Couldnt answer that one. I quit at the start of december and havnt been back there since. None of the workers there have a clue about fish (or much else for that matter) and i wouldnt buy anything from there if you payed me. He deals with the suppliers that offer him the best deals and so has sh*t fish in all the time. Hasnt a clue what can go with what so everything you see has usually been beaten up by cichlids or puffers and then moved after. Dont think iv bought anything from there in abut a year. I think hes expanding the fish room though, he took out the middle row of tanks in november becasue they were sinking into the floor lol. And he had plans to knock the back wall out and expand the fish room into the store room.
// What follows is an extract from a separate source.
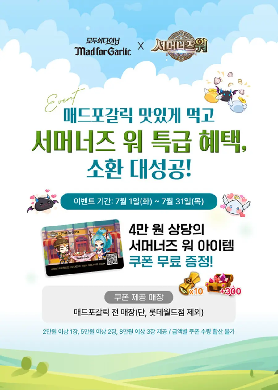 매드포갈릭은 매장을 방문하는 모든 고객들에게 약 4만 원 상당의 ‘서머너즈 워’ 게임 아이템 쿠폰을 증정한다. 해당 쿠폰은 결제 금액에 따라 차등 지급되며 2만 원 이상 결제 시 1장, 5만 원과 8만 원 이상 결제 시 각각 1장씩 추가된다. 쿠폰은 계정 당 최대 5회까지 등록 가능하다.
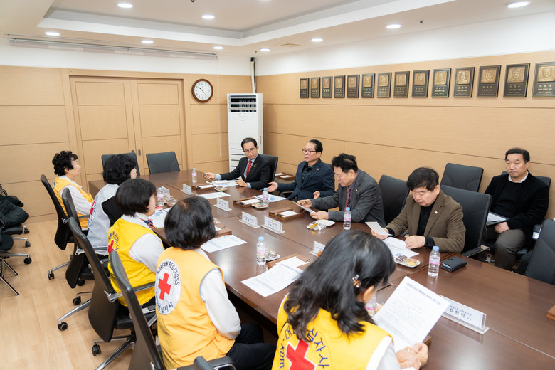 | ▲ 강남구의회 의원들과 대한적십자사 강남지사 관계자들이 이야기를 나누고 있다.(오른쪽 위에서 3번째 이호귀 의장, 2번째 복진경 부의장, 4번째 이동호 운영위원장, 1번째 강을석 행정안전위원장) |

As for the pacu's. He almost got closed down by those inspectors that check on how animals are treated becasue of the pacu tank size,(along with afew other reasons)


----------



## yorkshire (Jul 27, 2004)

piranhasrule said:


> > Has Tickhill got any better? their fish always used to look half dead to me, and the tanks were always dirty
> 
> 
> Couldnt answer that one. I quit at the start of december and havnt been back there since. None of the workers there have a clue about fish (or much else for that matter) and i wouldnt buy anything from there if you payed me. He deals with the suppliers that offer him the best deals and so has sh*t fish in all the time. Hasnt a clue what can go with what so everything you see has usually been beaten up by cichlids or puffers and then moved after. Dont think iv bought anything from there in abut a year. I think hes expanding the fish room though, he took out the middle row of tanks in november becasue they were sinking into the floor lol. And he had plans to knock the back wall out and expand the fish room into the store room.
> ...


I called in a month or two ago just cos i was passin and needed some filter media.They tried to sell me the pacu's for a couple of hundred quid for the lot.
The shop is in the perfect location, and if done properly, would make a fortune. What a waste of a potentialy good fish shop








Have you tried the little garden center on Broomhouse lane (Edlo back lane) just over the motorway bridge out of Balby?
New owners have it and are trying to get the fish bit going. Not a brilliant selection, but at least they are trying.
Two other good fish shops is Rainbow in mexborough, and the one on the corner at the top shops in Balby. Rainbow i havent been to in a while but is where i got my pike from, and he was putting a load more tanks in at the time. Has a good African/cichlid selection :nod: 
The one on the top shops has my lobster, and is where i got my archers from. He's got some very nice congo tetras in, and some headstanders that i'd have liked to buy


----------



## piranhasrule (May 31, 2004)

They tried to sell you the pacus? they promised the lady that brought them in that they would never sell them as she wanted to be able to come in and see them occasionally.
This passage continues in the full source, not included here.